O Rio Grande do Sul passa por um revival político-eleitoral. Aquele que se diz o Estado mais politizado corre o risco no segundo turno das eleições de 2014 de tomar decisões políticas na mesma direção que há mais de uma década, em 2002 [não precisa de muita memória para saber a que a decisão da maioria levou naquela ocasião]. Entre os muitos aspectos que poderia comentar, um me interessa refletir, talvez fazendo uso de algumas "manias" aprendidas nos muitos anos que tenho dedicado ao ensino de lógica formal e à atenta observação da vida política: a posição do candidato do "partido do Rio Grande".
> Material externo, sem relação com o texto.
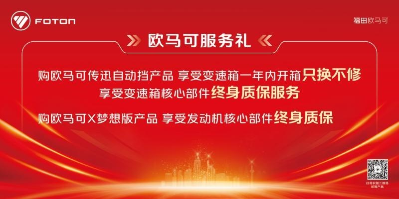 在服务礼方面,欧马可也给足了惊喜。即日起至6月30日,欧马可自动挡产品1年内变速箱只换不修,7大部件享受终身质保;此外,还有福康发动机保养、欧康4年或20万公里发动机基础保养及动力电池8年60万公里超长质保等多种服务礼,数量有限,先到先得。此外,更有系列暖心服务、尊享预见性智能服务,以优质服务为用户高效畅行保驾护航。
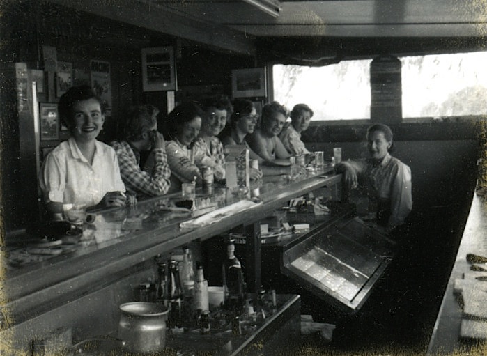 Above: Women crowd the bar at the Pyramid Lake Guest Ranch north of Reno. Top: A postcard from the 1940s depicts the practice of tossing one’s wedding ring into the Truckee River from the Virginia Street Bridge after being granted a divorce. Both photos courtesy Special Collections, University of Nevada-Reno Library.

Um dos capítulos da lógica formal é o estudo das falácias. Elas eram tidas pelo conhecido fundador da lógica formal no Ocidente, Aristóteles, como de "conhecimento aparente, mas não real" (Metafísica, 1004b, 20). Entre as muitas já classificadas por ele e pelos lógicos ao longo da história está a composição, uma das falácias típicas da transferência de aspectos linguísticos, travestindo-os de roupagem lógica. Ela consiste em tomar o que somente pode ser tido como aceitável a uma parte como sendo válido para o todo [na linguística também se confunde com que os latinos chamavam de pars pro toto – que não é pars in toto]. O lógico alerta que aquele que comete falácias até pode convencer, mas com pseudo-argumentos ou com argumentos que não são rigorosamente argumentos, visto serem apenas "aparentes". O lógico, de modo geral, não tem a força para fazer a correção da realidade, serve-lhe apenas de alerta!
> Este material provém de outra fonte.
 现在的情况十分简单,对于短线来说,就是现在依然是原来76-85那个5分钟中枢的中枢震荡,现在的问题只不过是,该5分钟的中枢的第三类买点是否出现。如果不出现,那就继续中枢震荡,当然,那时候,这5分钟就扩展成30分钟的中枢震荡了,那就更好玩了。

Um dos capítulos mais caros da política se dedica a compreender as bases da democracia, seja ela representativa, participativa, ou de qualquer tipo, sempre democracia, e sua diferença estrutural e fundamental em relação a todos os tipos ou formas de ação que lhe sejam contrários, entre os quais o totalitarismo. Até se poderia dizer que depois das experiências de totalitarismo vividas no século vinte a humanidade passa a ter na democracia um valor universal que leva a quase tê-lo por sinônimo da política [enquanto o totalitarismo viria a ser o seu oposto, sinônimo de anti-política]. No núcleo da ideia de democracia está a diversidade, a pluralidade, a divergência, o conflito, mas também a busca de alternativas comuns mediante acordos fundados no convencimento mútuo [não no pseudo-convencimento falacioso]. Seu avesso, o totalitarismo, consistiria exatamente num certo tipo de crença de que alguém seria capaz de incorporar a vontade comum, a vontade do povo, constituindo-se na expressão máxima do querer deste povo, de modo a prescindir dele, exceto como massa de manobra propagandística. Aqui a "composição" viria no sentido de fazer com que a diversidade dos/as do povo redunde diluída numa "democracia fuzzy".

Bem, com todos os riscos que corro ao resumir assuntos tão complexos nesta brevíssima reflexão, sigo consciente de ter acumulado elementos para a análise de aspectos da disputa eleitoral de segundo turno das eleições majoritárias de 2014 no Rio Grande do Sul. Nelas um dos candidatos, o "gringo" bonachão, o Sartori, aquele cujo "partido é o Rio Grande", apresenta-se como uma "composição", tanto em sentido lógico quanto político. É sobre isto que me interessa lançar o olhar, lógico e político.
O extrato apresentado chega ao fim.